A Novel Rejected by Big Publishers Wins a Major Literary Prize

There's hope for recognition for all of us poor writers... The lesson is: never give up, keep trying!

That's what  Irish author Eimar McBride did, she never gave up and this week-end the news came in: she just won the Baileys Women's Prize for Fiction for her debut novel, "A Girl is a Half-Formed Thing". 

That in itself would perhaps not be so remarkable, after all, it's a damn good title and universally considered to be "well-written, the work of a genius", if it weren't for the fact that Ms. McBride has spent nearly a decade trying to get published!

You read that right: almost 10 years trying...Yes, that's true determination for you! She was finally published in the UK by a small independent press and her book will come to the US in the fall, published by Coffee House Press. If you go on the website of her publisher, you discover it's an australian publisher and while her book is among the top ten, it is ranked...number five (but they quickly featured the book cover on their site - I love it!):



The book is available on Amazon.uk here, where it has garnered 27 customer reviews and is currently ranked at #50 in "contemporary fiction". And it's already in the US in ebook format, on Amazon.com here where it has only 6 customer reviews so far and stands at #10,837, as I write. But that is certain to change soon!

And to think she has beaten in the short list big name novelists like Donna Tartt, Chimamanda Ngozi Adichie and Jhumpa Lahiri...

Really a good reason to smile:


She wrote the book in 6 months when she was 27 and took all this time - she is now 36 - to get it published. Why? Because, as she told the BBC, publishers liked her writing but saw unsurmountable marketing difficulties, her book didn't fit into a "niche"

I haven't read it, but it's reportedly written in an unusual stream-of-consciousness style that takes you into the character's head and the subject is certainly harrowing: all about a young girl growing up in Ireland in the 1980s, going through a difficult relationship with her brother affected by a brain tumor in childhood. Add sexual abuse to the mix and you have a winner! Helen Fraser, chair of judges, said of McBride’s startling novel: “An amazing and ambitious first novel that impressed the judges with its inventiveness and energy.  This is an extraordinary new voice – this novel will move and astonish the reader.”


And plenty of money is showered on the winner: a £30,000 prize plus the bronze statuette - in this case, well-deserved. 

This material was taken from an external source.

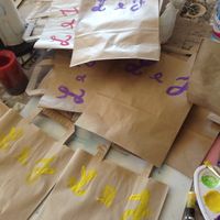 Cette aprèm fut un atelier peinture!!!Nos initiales sur les welcome bag... Puis je me suis collée au panneau de la piste de danse mais il y a encore du boulot pour que le texte plus joli et super...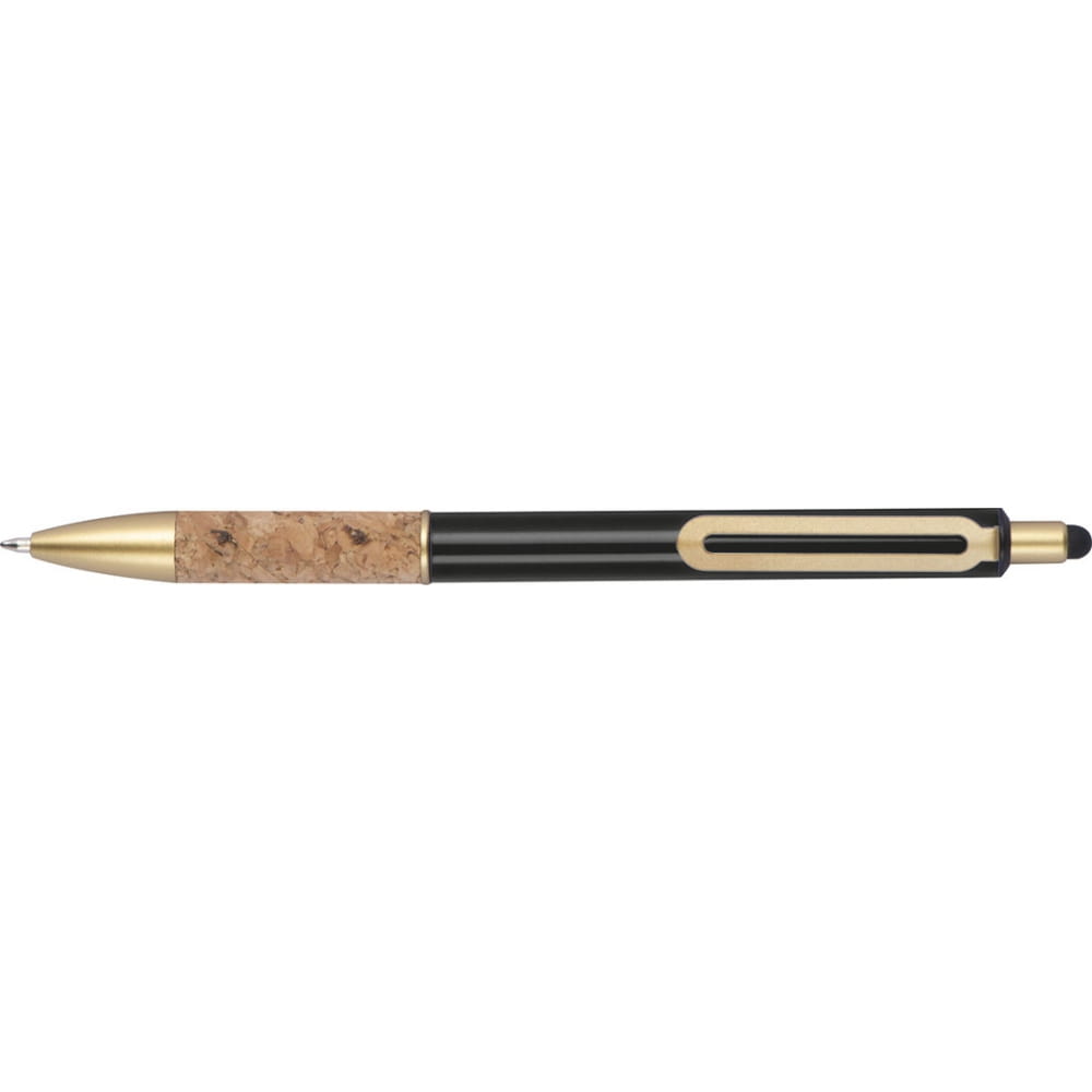 Metalowy długopis ze złotymi elementami i korkową strefą uchwytu. Długopis pisze na niebiesko.

Fortunately not at all like the ending in Edward St Aubyn's brilliant new novel, Lost for Words (no spoilers, I won't tell you how it ends but it's very funny). That book bashes literary prizes in a hilarious way and it is clearly a "roman à clefs", with references to real people, no doubt celebrities that I cannot fathom not being into the London literary scene. But of one thing I'm certain, "Lost for Words" makes no references to the Baileys - it is more likely a bashing of the Man Booker Prize...





I love that cover too... 

So, I'm bringing you good news. While it's true that literary prizes have problems as St Aubyn so brilliantly and entertainingly points out, they can also make the difference in a writer's life...Congrats to Eimar!